*** Opening of MATERIAL PROVIDED ***

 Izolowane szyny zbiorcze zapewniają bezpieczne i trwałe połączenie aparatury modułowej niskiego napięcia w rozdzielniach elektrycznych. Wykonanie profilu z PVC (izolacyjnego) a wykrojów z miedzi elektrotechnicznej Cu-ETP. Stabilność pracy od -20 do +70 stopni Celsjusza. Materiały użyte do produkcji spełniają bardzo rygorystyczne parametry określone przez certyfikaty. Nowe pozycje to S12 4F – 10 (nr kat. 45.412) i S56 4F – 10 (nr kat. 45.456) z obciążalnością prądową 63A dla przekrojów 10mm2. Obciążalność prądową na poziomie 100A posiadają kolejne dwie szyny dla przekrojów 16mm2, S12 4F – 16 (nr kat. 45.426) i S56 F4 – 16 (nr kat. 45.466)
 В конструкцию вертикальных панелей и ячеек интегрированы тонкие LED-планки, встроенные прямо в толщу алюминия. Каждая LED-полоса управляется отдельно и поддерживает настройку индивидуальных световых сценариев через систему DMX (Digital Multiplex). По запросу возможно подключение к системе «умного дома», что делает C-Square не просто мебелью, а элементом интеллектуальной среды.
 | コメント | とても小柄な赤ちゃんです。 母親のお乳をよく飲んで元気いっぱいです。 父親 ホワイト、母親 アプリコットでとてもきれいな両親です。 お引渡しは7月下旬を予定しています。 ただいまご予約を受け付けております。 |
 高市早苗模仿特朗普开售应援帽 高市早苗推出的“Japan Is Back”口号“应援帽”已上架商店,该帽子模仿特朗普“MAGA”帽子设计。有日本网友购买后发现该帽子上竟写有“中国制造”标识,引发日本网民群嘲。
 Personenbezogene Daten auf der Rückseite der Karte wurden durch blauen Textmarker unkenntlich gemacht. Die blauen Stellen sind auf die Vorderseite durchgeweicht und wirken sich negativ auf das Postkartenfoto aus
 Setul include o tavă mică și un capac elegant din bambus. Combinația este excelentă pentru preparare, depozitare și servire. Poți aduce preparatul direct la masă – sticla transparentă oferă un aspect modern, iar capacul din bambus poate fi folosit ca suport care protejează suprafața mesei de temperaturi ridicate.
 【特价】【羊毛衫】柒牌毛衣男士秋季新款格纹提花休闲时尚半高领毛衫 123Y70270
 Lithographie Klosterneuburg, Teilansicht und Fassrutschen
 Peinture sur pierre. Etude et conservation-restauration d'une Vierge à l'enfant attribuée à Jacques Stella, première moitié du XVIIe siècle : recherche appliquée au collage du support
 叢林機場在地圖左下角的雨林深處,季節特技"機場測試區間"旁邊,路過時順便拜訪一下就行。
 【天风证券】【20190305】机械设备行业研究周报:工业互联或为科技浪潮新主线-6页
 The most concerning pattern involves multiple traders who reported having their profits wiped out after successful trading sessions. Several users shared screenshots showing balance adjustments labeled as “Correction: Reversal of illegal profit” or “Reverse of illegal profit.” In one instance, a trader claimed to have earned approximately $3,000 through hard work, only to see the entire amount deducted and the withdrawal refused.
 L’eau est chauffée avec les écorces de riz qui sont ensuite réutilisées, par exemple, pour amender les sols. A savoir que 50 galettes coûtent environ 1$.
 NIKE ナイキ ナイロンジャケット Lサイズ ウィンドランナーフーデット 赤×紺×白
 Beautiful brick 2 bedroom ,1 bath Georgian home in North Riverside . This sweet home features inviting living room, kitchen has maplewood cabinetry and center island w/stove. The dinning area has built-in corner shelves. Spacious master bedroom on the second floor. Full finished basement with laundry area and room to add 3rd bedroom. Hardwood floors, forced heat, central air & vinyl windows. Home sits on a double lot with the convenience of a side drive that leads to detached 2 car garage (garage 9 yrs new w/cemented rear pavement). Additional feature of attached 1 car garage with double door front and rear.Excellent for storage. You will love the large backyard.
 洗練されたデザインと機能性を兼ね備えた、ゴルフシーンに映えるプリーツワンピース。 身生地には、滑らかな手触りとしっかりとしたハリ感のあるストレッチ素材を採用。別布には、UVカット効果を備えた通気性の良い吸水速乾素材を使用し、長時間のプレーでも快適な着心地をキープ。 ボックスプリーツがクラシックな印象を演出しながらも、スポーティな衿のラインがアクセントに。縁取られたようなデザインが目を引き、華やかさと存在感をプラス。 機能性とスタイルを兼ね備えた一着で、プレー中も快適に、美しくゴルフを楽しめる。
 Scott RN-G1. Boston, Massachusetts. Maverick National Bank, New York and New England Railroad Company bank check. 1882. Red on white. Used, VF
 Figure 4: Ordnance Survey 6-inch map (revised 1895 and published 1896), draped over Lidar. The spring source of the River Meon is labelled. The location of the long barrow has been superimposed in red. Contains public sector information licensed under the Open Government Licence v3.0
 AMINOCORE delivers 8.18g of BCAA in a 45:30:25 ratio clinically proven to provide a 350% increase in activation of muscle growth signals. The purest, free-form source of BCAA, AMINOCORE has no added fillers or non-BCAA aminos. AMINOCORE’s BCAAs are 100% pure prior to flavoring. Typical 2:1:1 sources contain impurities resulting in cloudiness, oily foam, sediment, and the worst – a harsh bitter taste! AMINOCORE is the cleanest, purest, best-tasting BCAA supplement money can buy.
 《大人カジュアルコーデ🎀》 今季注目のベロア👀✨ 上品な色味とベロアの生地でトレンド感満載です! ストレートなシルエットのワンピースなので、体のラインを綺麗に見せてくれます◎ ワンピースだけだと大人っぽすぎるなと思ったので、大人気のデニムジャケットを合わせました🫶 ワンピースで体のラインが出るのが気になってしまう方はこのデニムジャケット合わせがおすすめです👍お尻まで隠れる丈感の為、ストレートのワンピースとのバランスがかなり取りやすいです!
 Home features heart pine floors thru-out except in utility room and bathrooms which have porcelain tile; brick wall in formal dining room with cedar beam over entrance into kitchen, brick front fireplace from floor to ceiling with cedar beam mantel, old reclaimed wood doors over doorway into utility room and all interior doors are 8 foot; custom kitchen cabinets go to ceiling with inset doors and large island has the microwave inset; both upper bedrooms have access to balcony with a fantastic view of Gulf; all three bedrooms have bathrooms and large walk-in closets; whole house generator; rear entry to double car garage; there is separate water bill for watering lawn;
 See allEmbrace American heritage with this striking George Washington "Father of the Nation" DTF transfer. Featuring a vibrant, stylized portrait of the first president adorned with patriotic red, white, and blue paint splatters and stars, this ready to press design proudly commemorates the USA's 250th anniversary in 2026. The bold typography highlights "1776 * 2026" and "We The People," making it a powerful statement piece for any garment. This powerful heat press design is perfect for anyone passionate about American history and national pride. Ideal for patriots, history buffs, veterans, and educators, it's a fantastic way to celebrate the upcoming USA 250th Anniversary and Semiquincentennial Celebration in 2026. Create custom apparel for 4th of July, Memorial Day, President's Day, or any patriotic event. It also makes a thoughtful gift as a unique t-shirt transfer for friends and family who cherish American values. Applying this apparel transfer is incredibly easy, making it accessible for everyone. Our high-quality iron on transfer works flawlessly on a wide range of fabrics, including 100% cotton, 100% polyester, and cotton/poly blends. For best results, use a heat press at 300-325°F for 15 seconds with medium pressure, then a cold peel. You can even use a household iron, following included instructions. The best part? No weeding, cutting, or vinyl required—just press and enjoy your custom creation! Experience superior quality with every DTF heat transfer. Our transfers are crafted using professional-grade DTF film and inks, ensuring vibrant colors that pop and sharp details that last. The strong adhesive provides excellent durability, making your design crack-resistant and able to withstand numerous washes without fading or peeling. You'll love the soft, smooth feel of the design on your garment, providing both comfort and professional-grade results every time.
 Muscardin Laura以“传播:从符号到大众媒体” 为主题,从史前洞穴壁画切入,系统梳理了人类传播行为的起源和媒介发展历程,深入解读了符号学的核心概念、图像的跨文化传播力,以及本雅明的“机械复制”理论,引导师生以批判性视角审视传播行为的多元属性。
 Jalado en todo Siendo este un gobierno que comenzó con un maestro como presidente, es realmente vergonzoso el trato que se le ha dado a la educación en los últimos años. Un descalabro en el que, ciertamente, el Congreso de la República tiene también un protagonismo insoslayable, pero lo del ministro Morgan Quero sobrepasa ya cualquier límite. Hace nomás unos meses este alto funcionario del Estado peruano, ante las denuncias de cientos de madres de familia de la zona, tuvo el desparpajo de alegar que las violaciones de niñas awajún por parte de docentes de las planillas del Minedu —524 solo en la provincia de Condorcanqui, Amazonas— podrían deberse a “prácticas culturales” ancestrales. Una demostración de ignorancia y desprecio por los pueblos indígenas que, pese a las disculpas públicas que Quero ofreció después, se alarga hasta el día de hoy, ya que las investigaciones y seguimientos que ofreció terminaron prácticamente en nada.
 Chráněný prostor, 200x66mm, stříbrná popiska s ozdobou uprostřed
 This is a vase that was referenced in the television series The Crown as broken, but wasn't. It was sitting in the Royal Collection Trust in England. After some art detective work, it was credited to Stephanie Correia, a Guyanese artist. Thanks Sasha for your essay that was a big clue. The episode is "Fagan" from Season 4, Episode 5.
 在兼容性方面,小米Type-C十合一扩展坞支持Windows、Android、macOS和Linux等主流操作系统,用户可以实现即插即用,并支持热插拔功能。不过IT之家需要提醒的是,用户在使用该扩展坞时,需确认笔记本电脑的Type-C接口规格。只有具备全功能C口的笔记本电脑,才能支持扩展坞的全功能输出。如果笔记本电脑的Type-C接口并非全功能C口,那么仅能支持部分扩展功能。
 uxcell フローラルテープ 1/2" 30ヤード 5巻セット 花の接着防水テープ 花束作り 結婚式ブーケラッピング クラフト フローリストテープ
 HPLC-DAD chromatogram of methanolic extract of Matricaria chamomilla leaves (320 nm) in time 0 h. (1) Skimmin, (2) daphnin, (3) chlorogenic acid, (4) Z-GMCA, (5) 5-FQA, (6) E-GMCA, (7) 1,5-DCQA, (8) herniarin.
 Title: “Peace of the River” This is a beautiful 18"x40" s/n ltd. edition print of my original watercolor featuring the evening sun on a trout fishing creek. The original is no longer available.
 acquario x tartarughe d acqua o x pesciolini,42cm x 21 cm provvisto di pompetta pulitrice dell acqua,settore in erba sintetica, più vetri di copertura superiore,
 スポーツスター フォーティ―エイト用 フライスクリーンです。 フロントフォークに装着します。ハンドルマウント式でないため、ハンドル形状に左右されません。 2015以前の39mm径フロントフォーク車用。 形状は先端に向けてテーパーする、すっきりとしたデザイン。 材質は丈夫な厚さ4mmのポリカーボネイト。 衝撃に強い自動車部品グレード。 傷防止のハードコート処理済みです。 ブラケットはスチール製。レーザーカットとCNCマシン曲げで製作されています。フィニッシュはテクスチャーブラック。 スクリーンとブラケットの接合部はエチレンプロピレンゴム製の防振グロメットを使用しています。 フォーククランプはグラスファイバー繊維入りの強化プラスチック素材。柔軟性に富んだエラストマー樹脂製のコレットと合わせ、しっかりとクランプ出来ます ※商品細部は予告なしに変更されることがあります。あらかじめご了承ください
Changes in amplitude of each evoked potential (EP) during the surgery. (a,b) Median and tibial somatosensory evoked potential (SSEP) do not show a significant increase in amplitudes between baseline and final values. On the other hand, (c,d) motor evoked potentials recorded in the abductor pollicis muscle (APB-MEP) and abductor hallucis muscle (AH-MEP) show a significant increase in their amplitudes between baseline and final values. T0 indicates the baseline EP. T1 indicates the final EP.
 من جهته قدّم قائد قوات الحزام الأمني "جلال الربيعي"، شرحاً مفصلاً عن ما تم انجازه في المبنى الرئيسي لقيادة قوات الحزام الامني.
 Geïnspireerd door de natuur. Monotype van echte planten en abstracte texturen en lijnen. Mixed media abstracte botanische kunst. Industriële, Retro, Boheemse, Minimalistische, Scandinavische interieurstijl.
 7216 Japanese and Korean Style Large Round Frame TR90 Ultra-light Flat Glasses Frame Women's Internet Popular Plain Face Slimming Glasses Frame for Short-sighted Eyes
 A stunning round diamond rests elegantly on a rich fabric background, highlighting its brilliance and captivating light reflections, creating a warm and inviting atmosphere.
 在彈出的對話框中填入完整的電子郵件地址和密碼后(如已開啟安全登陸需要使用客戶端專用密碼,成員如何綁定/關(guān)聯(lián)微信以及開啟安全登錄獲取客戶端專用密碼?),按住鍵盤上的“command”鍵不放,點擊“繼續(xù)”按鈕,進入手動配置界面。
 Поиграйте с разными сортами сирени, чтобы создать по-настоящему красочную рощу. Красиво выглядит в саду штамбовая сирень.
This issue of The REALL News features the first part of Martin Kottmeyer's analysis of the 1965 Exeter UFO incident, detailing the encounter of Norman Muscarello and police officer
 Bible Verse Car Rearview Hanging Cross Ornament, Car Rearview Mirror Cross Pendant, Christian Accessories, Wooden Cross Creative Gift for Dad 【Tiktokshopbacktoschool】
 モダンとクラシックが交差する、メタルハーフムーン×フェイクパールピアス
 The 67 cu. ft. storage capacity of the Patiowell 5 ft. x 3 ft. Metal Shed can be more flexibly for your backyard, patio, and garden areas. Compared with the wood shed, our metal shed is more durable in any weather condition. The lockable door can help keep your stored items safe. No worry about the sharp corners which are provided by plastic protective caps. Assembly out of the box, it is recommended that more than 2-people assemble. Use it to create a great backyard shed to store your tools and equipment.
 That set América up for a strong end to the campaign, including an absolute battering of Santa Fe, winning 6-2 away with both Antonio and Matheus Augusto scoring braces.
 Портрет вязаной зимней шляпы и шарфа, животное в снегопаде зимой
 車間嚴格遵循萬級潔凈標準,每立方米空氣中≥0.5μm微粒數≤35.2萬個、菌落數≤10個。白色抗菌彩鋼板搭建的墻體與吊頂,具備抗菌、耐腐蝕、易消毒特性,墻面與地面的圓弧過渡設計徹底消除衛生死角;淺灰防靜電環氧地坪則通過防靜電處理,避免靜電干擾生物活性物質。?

*** Close of MATERIAL PROVIDED ***

● TASK TO CARRY OUT: Quote, word for word, every line starting at the one that contains "モダンとクラシックが交差する、メタルハーフムーン×フェイクパールピアス" and ending with the final line of the entries.

● EXPECTED ANSWER:
 モダンとクラシックが交差する、メタルハーフムーン×フェイクパールピアス
 The 67 cu. ft. storage capacity of the Patiowell 5 ft. x 3 ft. Metal Shed can be more flexibly for your backyard, patio, and garden areas. Compared with the wood shed, our metal shed is more durable in any weather condition. The lockable door can help keep your stored items safe. No worry about the sharp corners which are provided by plastic protective caps. Assembly out of the box, it is recommended that more than 2-people assemble. Use it to create a great backyard shed to store your tools and equipment.
 That set América up for a strong end to the campaign, including an absolute battering of Santa Fe, winning 6-2 away with both Antonio and Matheus Augusto scoring braces.
 Портрет вязаной зимней шляпы и шарфа, животное в снегопаде зимой
 車間嚴格遵循萬級潔凈標準,每立方米空氣中≥0.5μm微粒數≤35.2萬個、菌落數≤10個。白色抗菌彩鋼板搭建的墻體與吊頂,具備抗菌、耐腐蝕、易消毒特性,墻面與地面的圓弧過渡設計徹底消除衛生死角;淺灰防靜電環氧地坪則通過防靜電處理,避免靜電干擾生物活性物質。?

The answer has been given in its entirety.